Managers and human resource professionals are supposed to have non-discriminatory hiring practices. Yet we are only in the early days of seeing job applicants neutrally. There are several new (and not-so-new) methods for considering applicants fairly. There is also the possibility of using good math to prove and reduce bias.
Canada’s federal public service announced on April 20, 2017 that it is starting a pilot project to recruit job applicants on a name-blind basis. The minister responsible said “research has shown that English-speaking employers are 40 per cent more likely to pick candidates with an English or anglicized name…” At the end of the pilot they will analyze the two sets of candidate shortlists, both name-blind and traditional-method. The results of the experiment will be ready in October, for possible roll-out to the entire public service.

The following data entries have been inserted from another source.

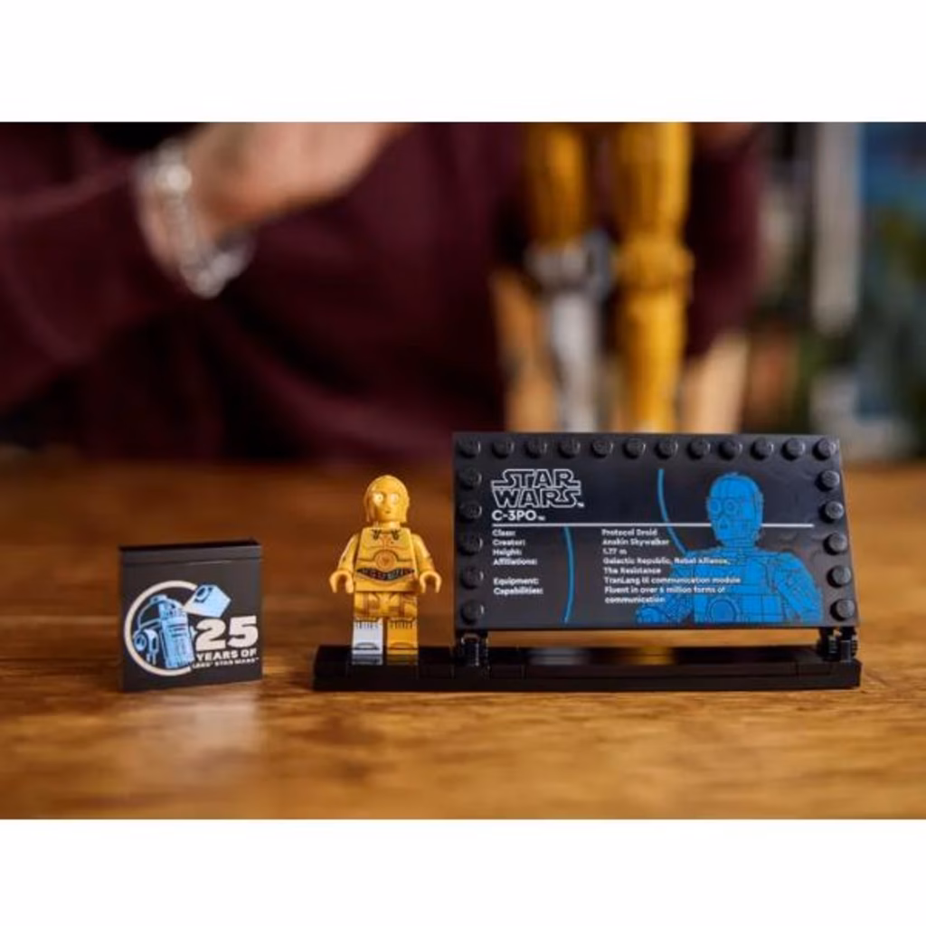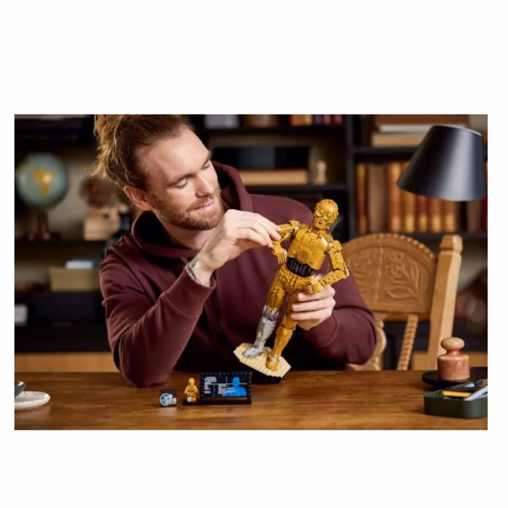 Costruisci ed esponi questo droide costruibile C-3PO LEGO® Star Wars estremamente dettagliato. Un idea regalo nostalgica per gli adulti e tutti i fan della classica saga di Star Wars, questo set da collezione offre una sfida creativa coinvolgentee gratificante. Ricrea ogni dettaglio dell amato personaggio di Star Wars e gira la testa o muovi le braccia per creare pose familiari. Questo set LEGO Star Wars per adulti contiene anche un supporto con una targa informativa su C-3PO e spazio per la minifigure di C-3PO LEGO inclusa, oltre a un mattoncino LEGO Star Wars del 25° anniversario per completare un display accattivante. Per un display decorativo ancora più straordinario, esponi la tua creazione accanto a R2-D2 LEGO Star Wars (set 75379, disponibile separatamente) e riconfigura semplicemente uno dei bracci di C-3PO per ricreare il modo in cui accarezza il capo del suo vecchio amico. Scopri un esperienza di costruzione intuitiva con l app LEGO Builder, dove puoi ingrandire e ruotare il tuo modello in 3D, monitorare i tuoi progressi e salvare tutti i tuoi set in un unico posto.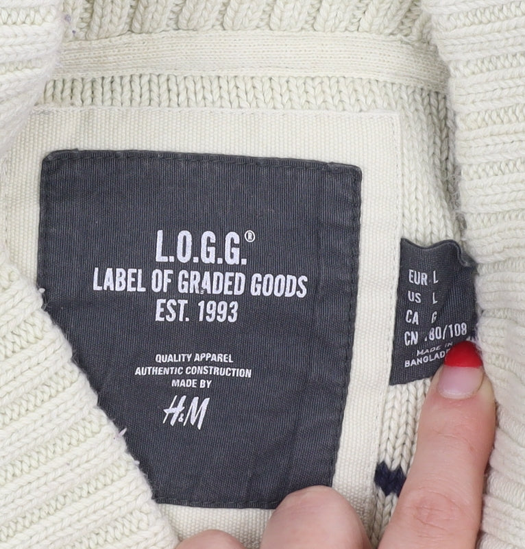 H&M Men’s Beige Roll Neck Striped Pullover - Size L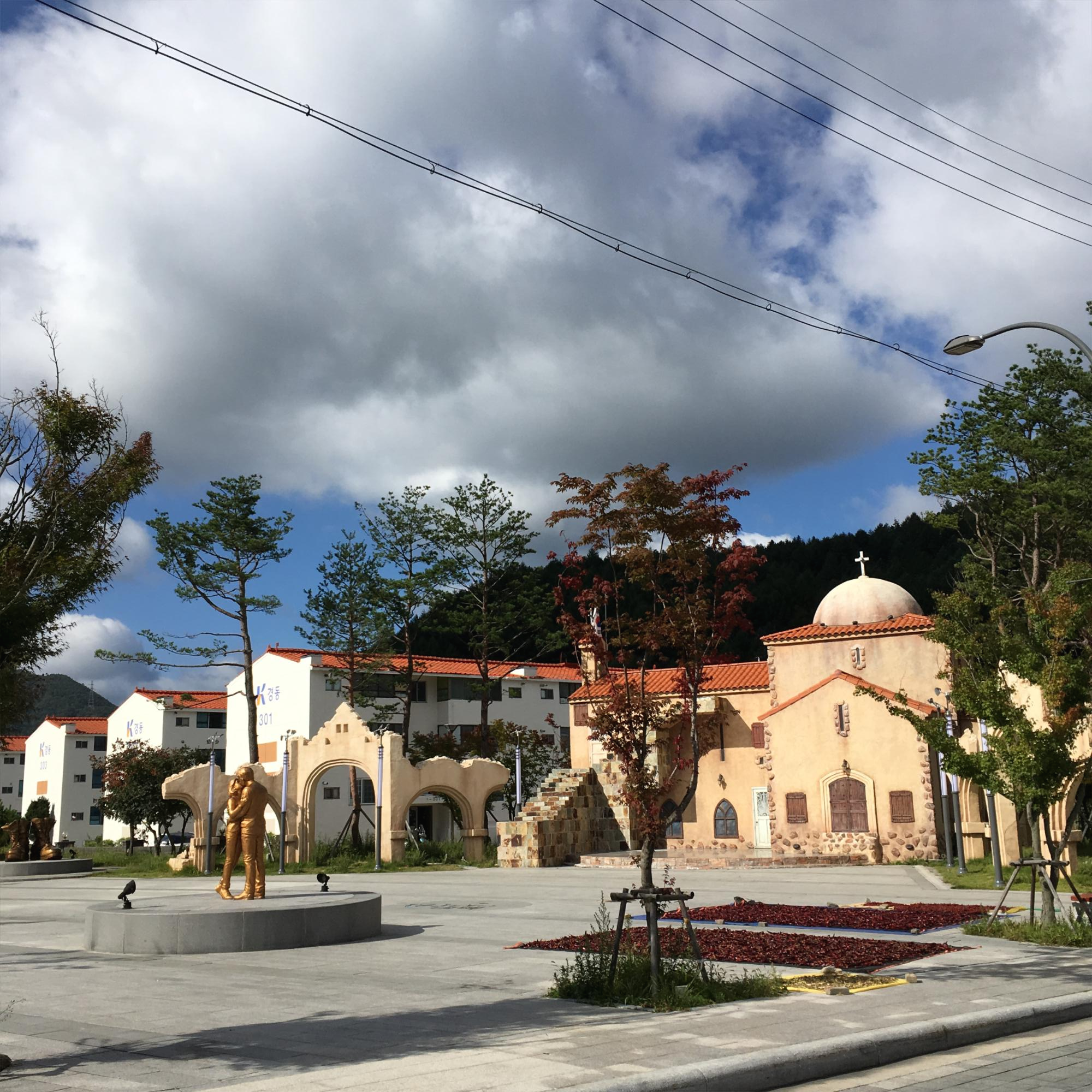 지금은 헤어진... 송중기와 송혜교 커플의 동상... 통리에는 드라마 태양의 후예 공원이 있습니다.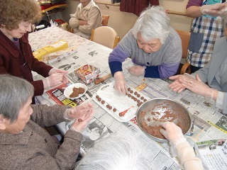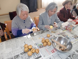 茶話会&おやつ作り 2015 3/06 あおい日記 2015年3月6日 じゃじゃーん!茶話会三人娘で~す! おやつ作りをしています。只今ジャガイモの皮むき中! ジャガイモとチョコレートを混ぜた洋菓子です。 あおいの西田でした! あおい日記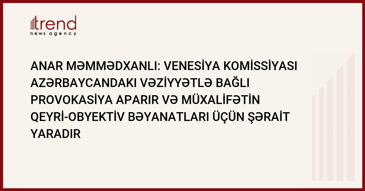 Venesiya komissiyasının (VK) Azərbaycanın Seçki məcəlləsi üzrə son birgə qiymətləndirmə layihəsi ən sadə yalnış qənaətə və son dərəcə qeyri-peşəkarlığa nümunədir.Sənədə belə bir qiymətləndirməni Trend ə eksklüziv olaraq Milli Məclisin deputatı Anar Məmmədxanov verib.

What is worth noting is that the Canadian government is running a formal experiment for a limited time. This raises hope that the eventual course of action will be determined by evidence, not speculation. They will measure the discrimination before attempting to remedy it, which could bolster support. The approach also implies the pilot has permission to fail. After all, they might find something totally different from what they expected. But that kind of thing that happens when you care about science.
Of course this pilot addresses only one part of the discrimination puzzle. I would speculate that résumés that still indicate the year and city in which a degree is attained will tip-off employers about age and ethnicity. An obvious next phase of analysis is to block-out the graduation date and the name of the University. After all, you only need to know if they finished their degree, plus the degree’s level and academic major, and a broad sense of the school ranking (i.e. top-100, top-400).
Job applications also reveal writing style, which should be good. But there are differences between the sexes in the use of words. In the book The Secret Life of Pronouns by James W. Pennebaker the author reveals the findings of high-volume statistical analyses revealing (amongst other things) that men make bold pronouncements without referring to themselves in first-person. Women, by contrast, attribute their story to themselves, which is more clear, social, and modest. I personally think that confidence, and willingness to boast, are unreliable indicators of competence.
In classical music, blind auditions are now commonly used to select new hires onto symphony orchestras. They’ve been doing this for years. The musicians submit recordings of their auditions and provide live performances behind a physical screen. I have heard that judges gossip “you can tell” if the candidate is a man yet when the winner steps out from behind the screen it is often a woman. In this not-so-new paper from 2000, authors Claudio Goldin and Cecilia Rouse conducted an analysis of 7,065 individuals and 588 audition-rounds to see what impact blind auditions had. They identified that the blind auditions work.
When you’re fighting the man, words are important. When you’re putting change into effect, math is importanter.